Assignment
What is needed is an exact copy of every entry below, with the pictures left out.

━━━━━ Exercise material ━━━━━

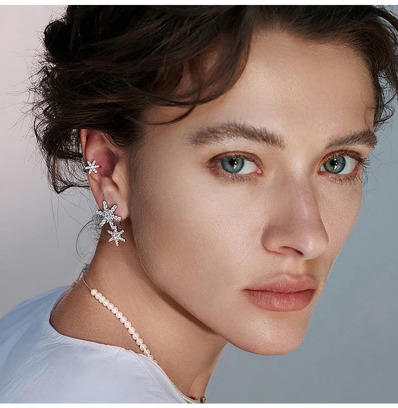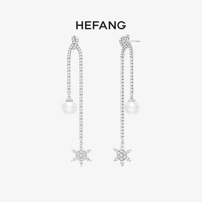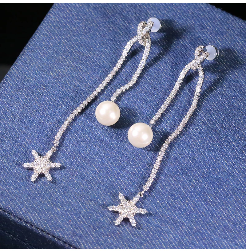 Женские серьги из серебра 925 пробы, вечерние жемчугом и снежинками
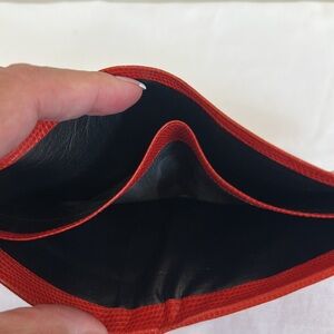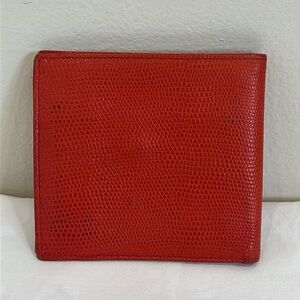Wow!! This vintage beauty is a stylish red snake embossed slim wallet featuring the iconic gold 'B' logo. The leather is so light and soft. Perfect for everyday use. Minor callouts are color transfer - darkened spots;wear on corners and color wear on “B”. Please review pics.
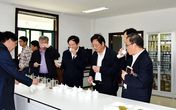 正值茶季,徐部長(zhǎng)一行還饒有興致地參觀了龍井茶炒制車間,龍冠公司姜愛芹總經(jīng)理匯報(bào)了公司的生產(chǎn)情況。
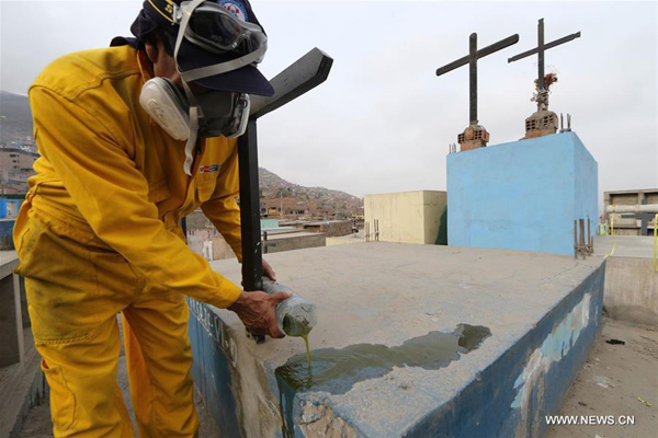 A brigadier of the Ministry of Health does a fumigation in a cementary in Lima, Peru, on Feb. 1, 2016. The recent cluster of microcephaly cases and other neurologic disorders reported in Brazil constituted a Public Health Emergency of International Concern, the World Health Organization (WHO) said Monday. (Xinhua/Norman Cordova/ANDINA)
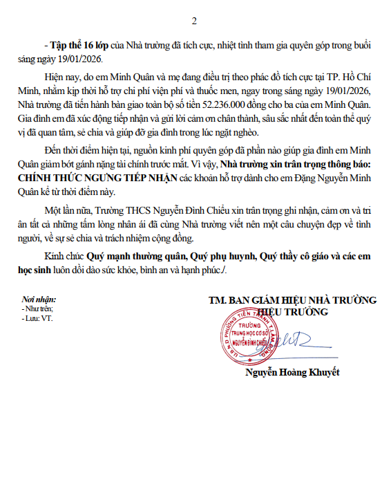 Đến thời điểm hiện tại, nguồn kinh phí quyên góp đã phần nào giúp gia đình em Minh Quân vơi bớt gánh nặng tài chính trước mắt. Vì vậy, Trường THCS Nguyễn Đình Chiểu xin trân trọng thông báo: chính thức ngưng tiếp nhận các khoản hỗ trợ dành cho em Đặng Nguyễn Minh Quân kể từ thời điểm này.
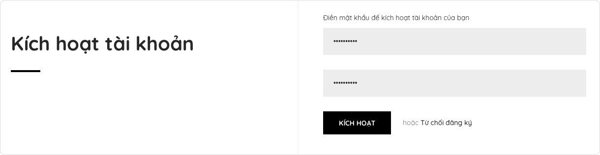 - Khách mua hàng sẽ nhận được email mời kích hoạt tài khoản. Khi làm theo hướng dẫn trong email, họ sẽ được dẫn đến trang nhập mật khẩu cho tài khoản.
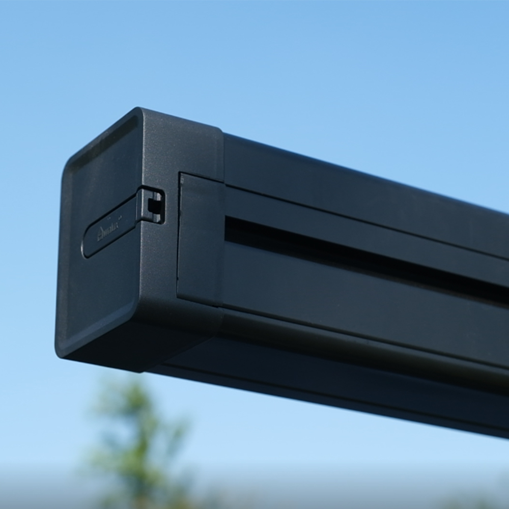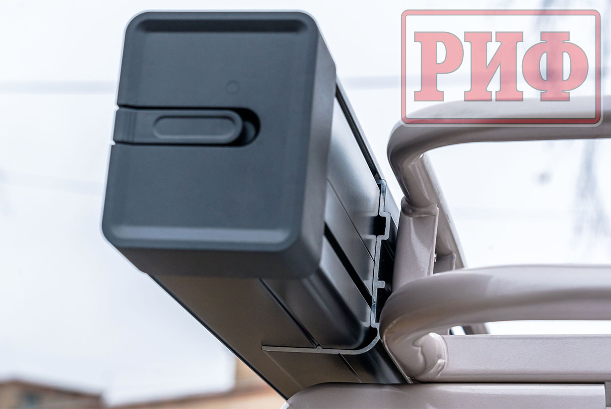 Система полуавтоматического закрытия (сборки) маркизы работает следующим образом - после того, как алюминиевые телескопические стойки и растяжки убраны, нужно чуть потянуть маркизу на себя. Тем самым отпускается стопор, фиксирующий тент в открытом положении и возвратная пружина начнет сматывать вал, на котором крепится тент.

━━━━━

Task result
 Женские серьги из серебра 925 пробы, вечерние жемчугом и снежинками
Wow!! This vintage beauty is a stylish red snake embossed slim wallet featuring the iconic gold 'B' logo. The leather is so light and soft. Perfect for everyday use. Minor callouts are color transfer - darkened spots;wear on corners and color wear on “B”. Please review pics.
 正值茶季,徐部長(zhǎng)一行還饒有興致地參觀了龍井茶炒制車間,龍冠公司姜愛芹總經(jīng)理匯報(bào)了公司的生產(chǎn)情況。
 A brigadier of the Ministry of Health does a fumigation in a cementary in Lima, Peru, on Feb. 1, 2016. The recent cluster of microcephaly cases and other neurologic disorders reported in Brazil constituted a Public Health Emergency of International Concern, the World Health Organization (WHO) said Monday. (Xinhua/Norman Cordova/ANDINA)
 Đến thời điểm hiện tại, nguồn kinh phí quyên góp đã phần nào giúp gia đình em Minh Quân vơi bớt gánh nặng tài chính trước mắt. Vì vậy, Trường THCS Nguyễn Đình Chiểu xin trân trọng thông báo: chính thức ngưng tiếp nhận các khoản hỗ trợ dành cho em Đặng Nguyễn Minh Quân kể từ thời điểm này.
 - Khách mua hàng sẽ nhận được email mời kích hoạt tài khoản. Khi làm theo hướng dẫn trong email, họ sẽ được dẫn đến trang nhập mật khẩu cho tài khoản.
 Система полуавтоматического закрытия (сборки) маркизы работает следующим образом - после того, как алюминиевые телескопические стойки и растяжки убраны, нужно чуть потянуть маркизу на себя. Тем самым отпускается стопор, фиксирующий тент в открытом положении и возвратная пружина начнет сматывать вал, на котором крепится тент.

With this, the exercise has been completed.